━━━━━ The data ━━━━━

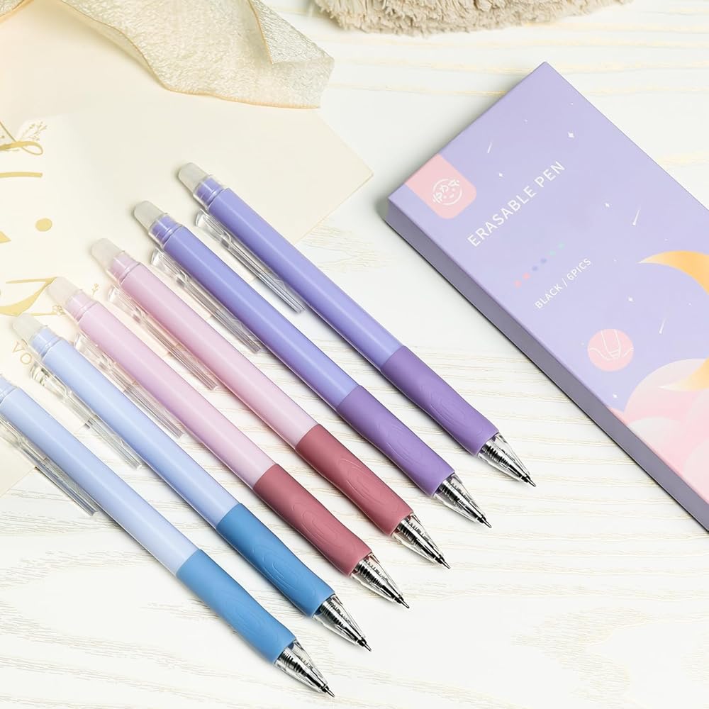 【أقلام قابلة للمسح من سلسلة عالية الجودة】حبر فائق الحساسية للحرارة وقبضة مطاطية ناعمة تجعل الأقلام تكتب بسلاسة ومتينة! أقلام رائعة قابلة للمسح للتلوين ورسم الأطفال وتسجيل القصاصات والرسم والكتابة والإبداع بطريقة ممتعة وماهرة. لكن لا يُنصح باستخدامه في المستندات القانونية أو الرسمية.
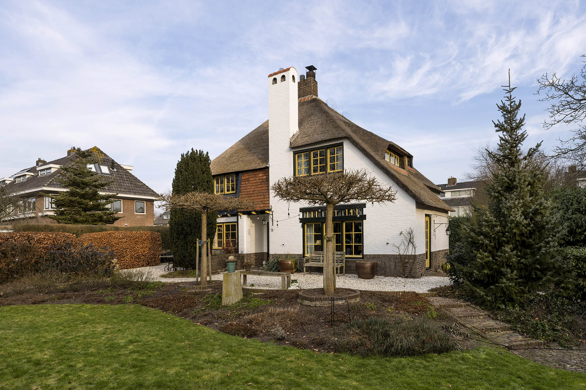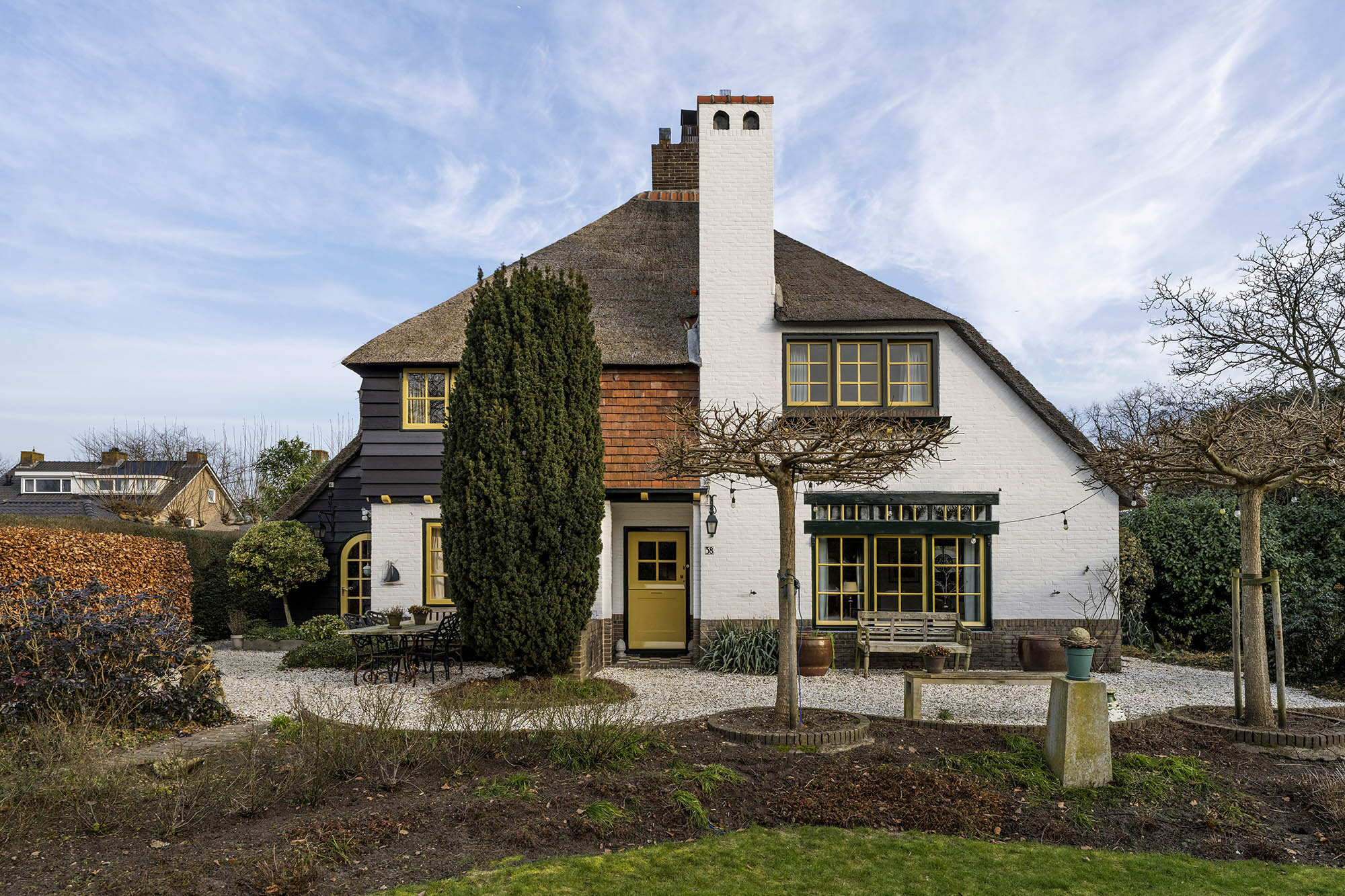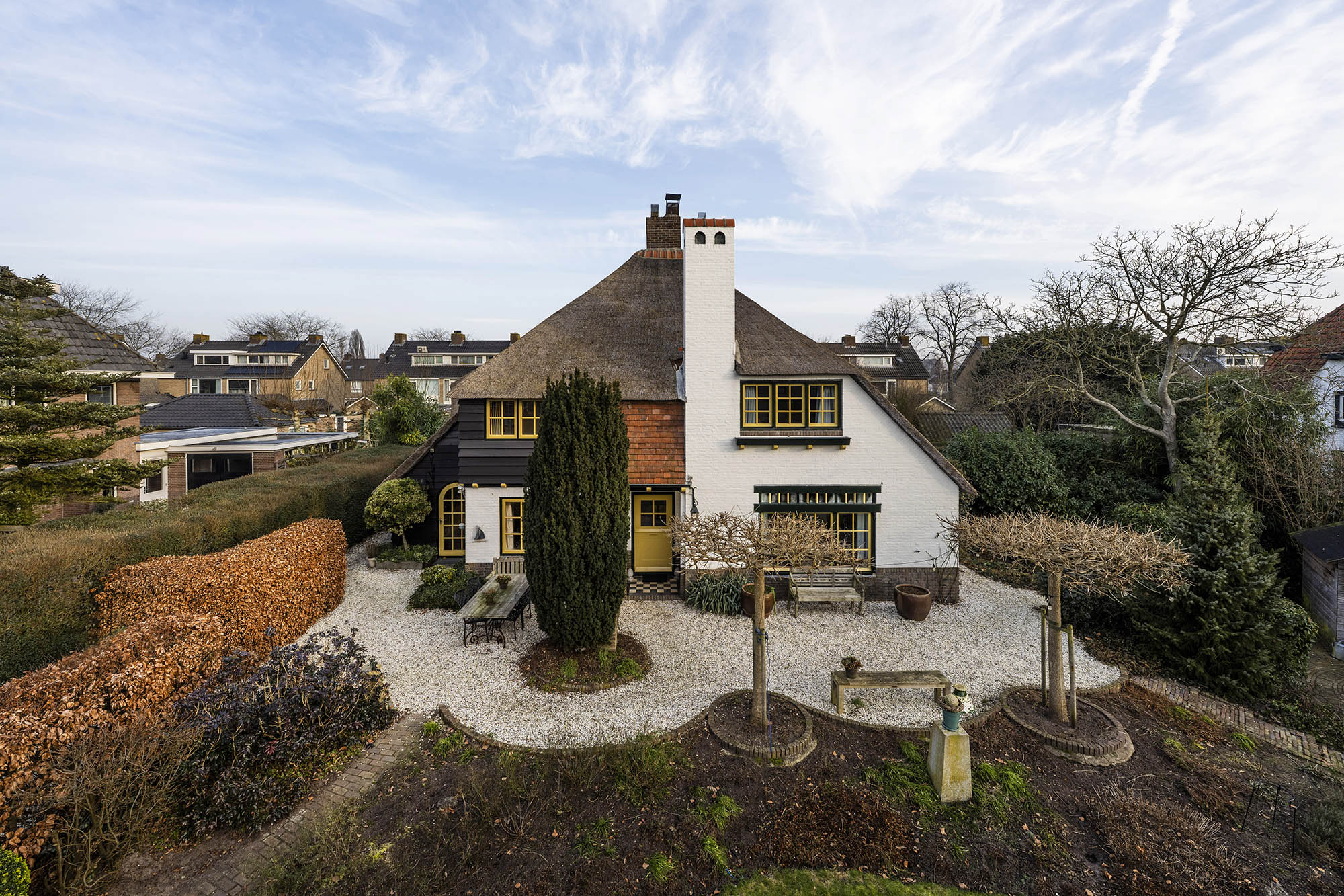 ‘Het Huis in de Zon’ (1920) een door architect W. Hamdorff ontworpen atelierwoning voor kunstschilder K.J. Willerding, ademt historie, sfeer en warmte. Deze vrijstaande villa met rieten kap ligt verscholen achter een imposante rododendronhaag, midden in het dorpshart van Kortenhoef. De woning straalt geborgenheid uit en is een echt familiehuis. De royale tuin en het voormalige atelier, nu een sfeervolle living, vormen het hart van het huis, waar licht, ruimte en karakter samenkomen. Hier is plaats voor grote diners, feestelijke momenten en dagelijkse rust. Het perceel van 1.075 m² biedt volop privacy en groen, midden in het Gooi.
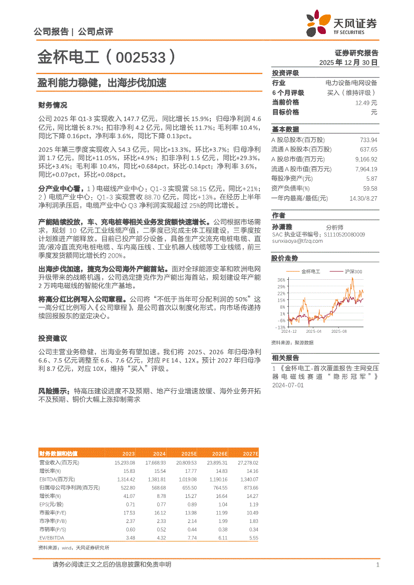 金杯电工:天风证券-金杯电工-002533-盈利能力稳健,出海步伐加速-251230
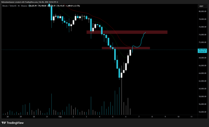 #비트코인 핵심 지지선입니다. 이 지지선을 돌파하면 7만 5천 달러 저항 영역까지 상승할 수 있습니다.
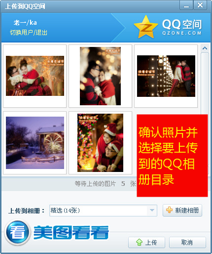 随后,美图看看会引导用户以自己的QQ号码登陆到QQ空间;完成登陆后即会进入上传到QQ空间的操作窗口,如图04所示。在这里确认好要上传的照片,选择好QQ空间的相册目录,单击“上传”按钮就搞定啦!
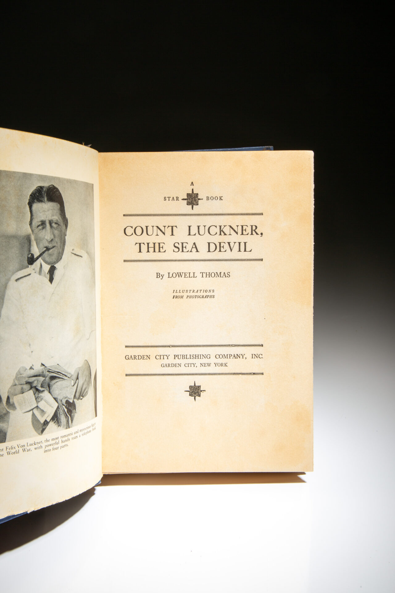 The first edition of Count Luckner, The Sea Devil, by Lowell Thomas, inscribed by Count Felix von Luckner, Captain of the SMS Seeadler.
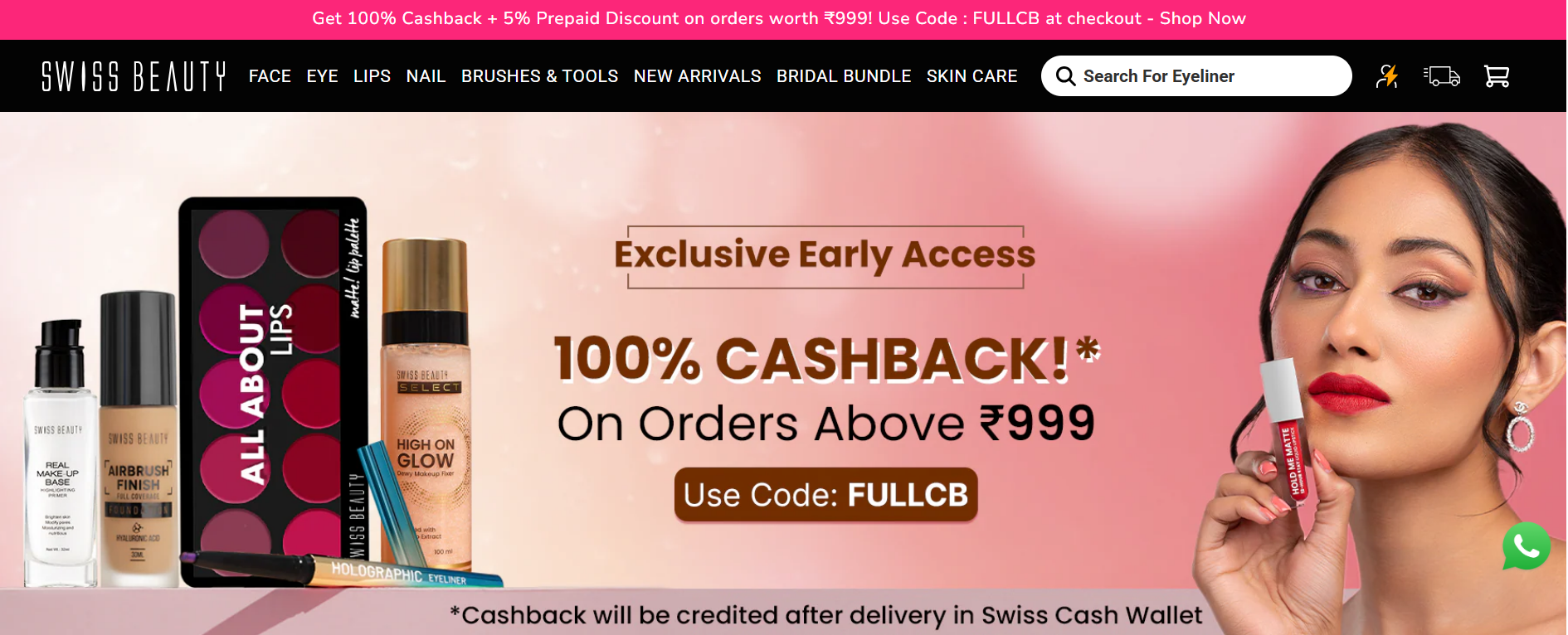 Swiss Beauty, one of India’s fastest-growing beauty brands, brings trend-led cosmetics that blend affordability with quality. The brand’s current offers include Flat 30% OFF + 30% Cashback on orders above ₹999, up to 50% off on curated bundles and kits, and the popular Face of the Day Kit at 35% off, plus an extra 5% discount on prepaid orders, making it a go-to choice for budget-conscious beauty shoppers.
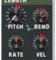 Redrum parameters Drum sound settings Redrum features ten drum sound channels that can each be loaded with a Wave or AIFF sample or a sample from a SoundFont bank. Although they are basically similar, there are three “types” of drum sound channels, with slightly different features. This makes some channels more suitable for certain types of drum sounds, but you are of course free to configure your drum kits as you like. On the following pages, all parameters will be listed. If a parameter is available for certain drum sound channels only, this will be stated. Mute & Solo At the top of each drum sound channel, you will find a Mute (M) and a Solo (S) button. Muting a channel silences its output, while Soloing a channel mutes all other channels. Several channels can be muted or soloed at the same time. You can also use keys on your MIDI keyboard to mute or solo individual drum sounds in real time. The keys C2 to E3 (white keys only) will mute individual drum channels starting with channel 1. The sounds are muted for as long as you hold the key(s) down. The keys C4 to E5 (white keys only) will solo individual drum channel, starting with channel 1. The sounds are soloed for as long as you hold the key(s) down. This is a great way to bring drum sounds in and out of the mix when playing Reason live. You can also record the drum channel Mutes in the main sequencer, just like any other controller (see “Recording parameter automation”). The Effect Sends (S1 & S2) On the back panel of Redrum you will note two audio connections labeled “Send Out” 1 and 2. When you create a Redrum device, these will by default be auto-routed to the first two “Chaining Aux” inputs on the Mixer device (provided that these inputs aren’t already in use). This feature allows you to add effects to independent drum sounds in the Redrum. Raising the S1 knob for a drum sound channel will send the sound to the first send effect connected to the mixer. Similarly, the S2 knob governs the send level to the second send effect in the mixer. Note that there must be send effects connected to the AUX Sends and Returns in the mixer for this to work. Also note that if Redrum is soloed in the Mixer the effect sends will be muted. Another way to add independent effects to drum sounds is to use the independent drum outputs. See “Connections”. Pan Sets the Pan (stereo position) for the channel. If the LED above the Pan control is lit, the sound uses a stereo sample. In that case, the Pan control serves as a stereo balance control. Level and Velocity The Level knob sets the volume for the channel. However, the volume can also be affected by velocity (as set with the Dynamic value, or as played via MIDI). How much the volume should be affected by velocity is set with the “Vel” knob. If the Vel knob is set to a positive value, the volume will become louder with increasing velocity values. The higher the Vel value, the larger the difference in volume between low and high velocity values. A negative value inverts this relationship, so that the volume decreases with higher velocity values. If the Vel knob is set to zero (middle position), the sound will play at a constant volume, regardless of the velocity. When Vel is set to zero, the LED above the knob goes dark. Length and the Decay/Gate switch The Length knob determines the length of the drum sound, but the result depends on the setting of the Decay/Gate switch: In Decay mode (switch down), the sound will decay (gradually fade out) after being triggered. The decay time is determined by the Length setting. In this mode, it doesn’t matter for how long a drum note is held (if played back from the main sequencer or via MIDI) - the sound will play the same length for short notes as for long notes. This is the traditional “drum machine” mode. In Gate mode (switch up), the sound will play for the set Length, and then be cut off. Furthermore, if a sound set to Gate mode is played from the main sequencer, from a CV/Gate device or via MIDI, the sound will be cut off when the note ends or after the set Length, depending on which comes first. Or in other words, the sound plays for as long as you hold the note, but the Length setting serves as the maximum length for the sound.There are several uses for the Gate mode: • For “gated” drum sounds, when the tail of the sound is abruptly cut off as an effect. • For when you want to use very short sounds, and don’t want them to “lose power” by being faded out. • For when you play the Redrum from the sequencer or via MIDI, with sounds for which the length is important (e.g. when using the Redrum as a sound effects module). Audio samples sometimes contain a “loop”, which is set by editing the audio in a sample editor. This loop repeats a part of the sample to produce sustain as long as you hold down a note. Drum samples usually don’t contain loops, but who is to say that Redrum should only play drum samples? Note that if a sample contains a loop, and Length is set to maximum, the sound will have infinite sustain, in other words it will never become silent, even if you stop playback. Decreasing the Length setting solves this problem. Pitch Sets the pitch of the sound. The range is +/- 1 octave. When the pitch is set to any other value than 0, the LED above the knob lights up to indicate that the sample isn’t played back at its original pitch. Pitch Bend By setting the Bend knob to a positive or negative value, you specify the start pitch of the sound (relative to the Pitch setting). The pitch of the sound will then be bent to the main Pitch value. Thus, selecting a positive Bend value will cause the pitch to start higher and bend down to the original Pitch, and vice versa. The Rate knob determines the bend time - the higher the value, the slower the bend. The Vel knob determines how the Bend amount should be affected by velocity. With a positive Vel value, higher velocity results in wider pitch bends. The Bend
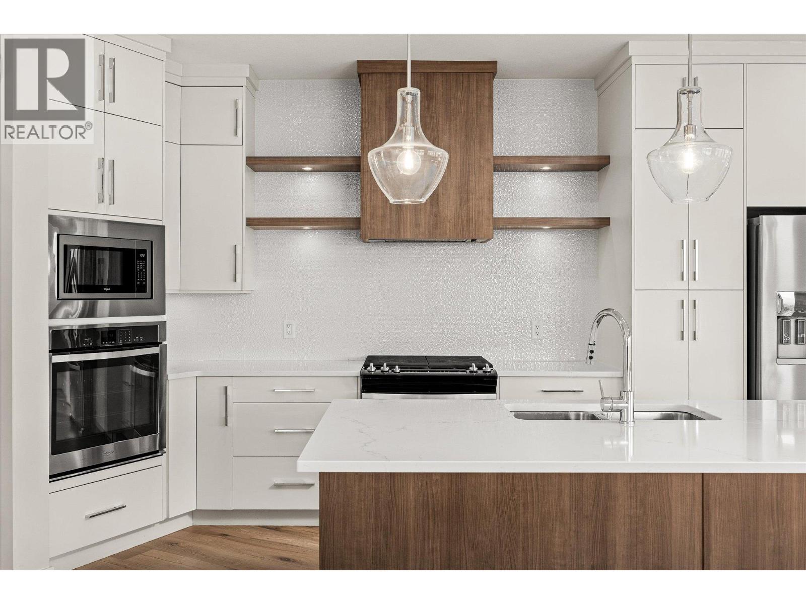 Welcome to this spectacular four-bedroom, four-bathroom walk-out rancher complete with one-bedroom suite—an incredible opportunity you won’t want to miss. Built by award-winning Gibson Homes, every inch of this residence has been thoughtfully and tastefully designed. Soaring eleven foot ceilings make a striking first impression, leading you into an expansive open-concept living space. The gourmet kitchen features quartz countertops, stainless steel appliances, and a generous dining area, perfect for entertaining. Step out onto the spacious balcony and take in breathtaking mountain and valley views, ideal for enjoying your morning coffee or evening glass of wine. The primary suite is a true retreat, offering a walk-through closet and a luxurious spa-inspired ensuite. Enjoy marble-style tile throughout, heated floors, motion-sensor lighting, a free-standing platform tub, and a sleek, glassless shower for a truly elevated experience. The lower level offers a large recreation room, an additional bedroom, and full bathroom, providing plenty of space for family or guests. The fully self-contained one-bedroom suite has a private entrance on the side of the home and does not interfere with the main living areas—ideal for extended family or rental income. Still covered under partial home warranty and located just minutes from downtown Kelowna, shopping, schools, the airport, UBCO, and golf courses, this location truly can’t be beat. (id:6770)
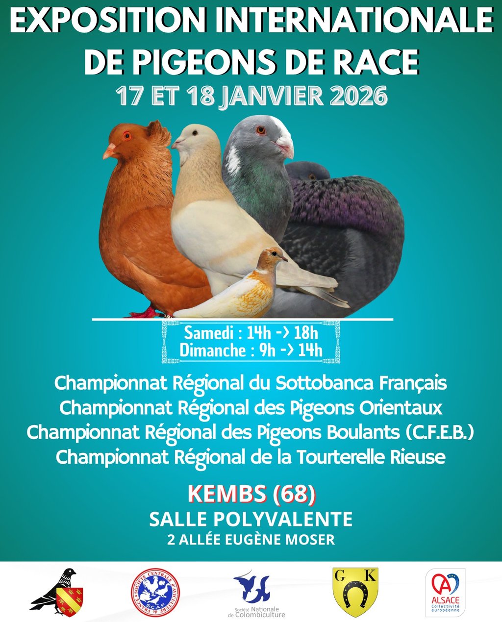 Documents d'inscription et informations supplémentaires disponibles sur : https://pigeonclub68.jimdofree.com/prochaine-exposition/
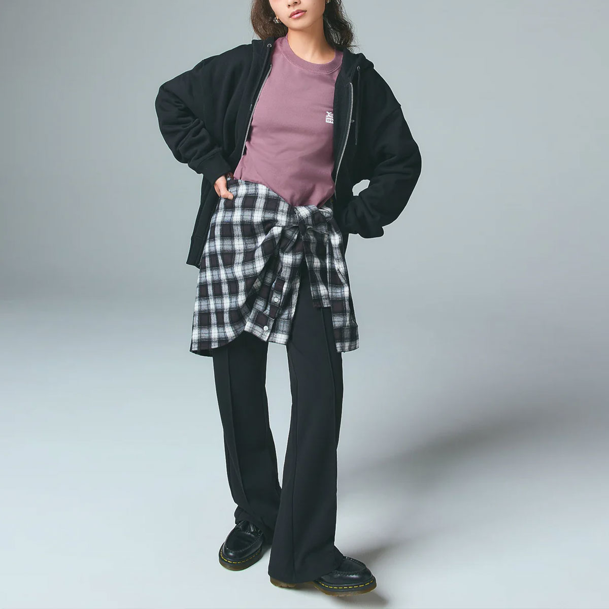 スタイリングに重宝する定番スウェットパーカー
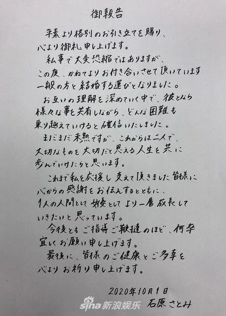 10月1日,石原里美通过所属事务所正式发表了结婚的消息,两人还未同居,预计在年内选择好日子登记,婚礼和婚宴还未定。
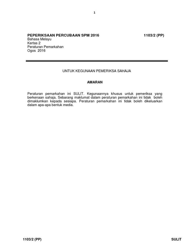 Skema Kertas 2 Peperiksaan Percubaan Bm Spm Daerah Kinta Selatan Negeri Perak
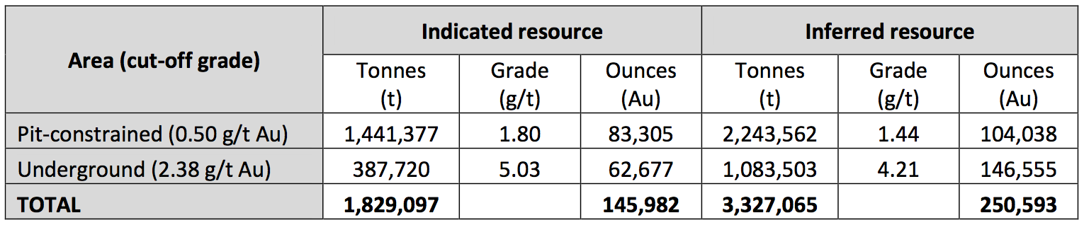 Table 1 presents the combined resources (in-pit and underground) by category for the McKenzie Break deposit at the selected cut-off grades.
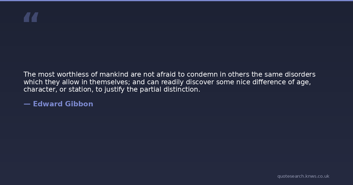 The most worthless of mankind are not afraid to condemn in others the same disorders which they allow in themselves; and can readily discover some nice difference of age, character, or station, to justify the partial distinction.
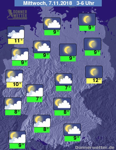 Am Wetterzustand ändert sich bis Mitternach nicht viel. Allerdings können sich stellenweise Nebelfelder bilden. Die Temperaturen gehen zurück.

━━━━━

Leave the pictures out and output exactly the lines above, from the start of the listing through the line with "Swiss Beauty, one".

Output for this exercise:
 【أقلام قابلة للمسح من سلسلة عالية الجودة】حبر فائق الحساسية للحرارة وقبضة مطاطية ناعمة تجعل الأقلام تكتب بسلاسة ومتينة! أقلام رائعة قابلة للمسح للتلوين ورسم الأطفال وتسجيل القصاصات والرسم والكتابة والإبداع بطريقة ممتعة وماهرة. لكن لا يُنصح باستخدامه في المستندات القانونية أو الرسمية.
 ‘Het Huis in de Zon’ (1920) een door architect W. Hamdorff ontworpen atelierwoning voor kunstschilder K.J. Willerding, ademt historie, sfeer en warmte. Deze vrijstaande villa met rieten kap ligt verscholen achter een imposante rododendronhaag, midden in het dorpshart van Kortenhoef. De woning straalt geborgenheid uit en is een echt familiehuis. De royale tuin en het voormalige atelier, nu een sfeervolle living, vormen het hart van het huis, waar licht, ruimte en karakter samenkomen. Hier is plaats voor grote diners, feestelijke momenten en dagelijkse rust. Het perceel van 1.075 m² biedt volop privacy en groen, midden in het Gooi.
 金杯电工:天风证券-金杯电工-002533-盈利能力稳健,出海步伐加速-251230
 #비트코인 핵심 지지선입니다. 이 지지선을 돌파하면 7만 5천 달러 저항 영역까지 상승할 수 있습니다.
 随后,美图看看会引导用户以自己的QQ号码登陆到QQ空间;完成登陆后即会进入上传到QQ空间的操作窗口,如图04所示。在这里确认好要上传的照片,选择好QQ空间的相册目录,单击“上传”按钮就搞定啦!
 The first edition of Count Luckner, The Sea Devil, by Lowell Thomas, inscribed by Count Felix von Luckner, Captain of the SMS Seeadler.
 Swiss Beauty, one of India’s fastest-growing beauty brands, brings trend-led cosmetics that blend affordability with quality. The brand’s current offers include Flat 30% OFF + 30% Cashback on orders above ₹999, up to 50% off on curated bundles and kits, and the popular Face of the Day Kit at 35% off, plus an extra 5% discount on prepaid orders, making it a go-to choice for budget-conscious beauty shoppers.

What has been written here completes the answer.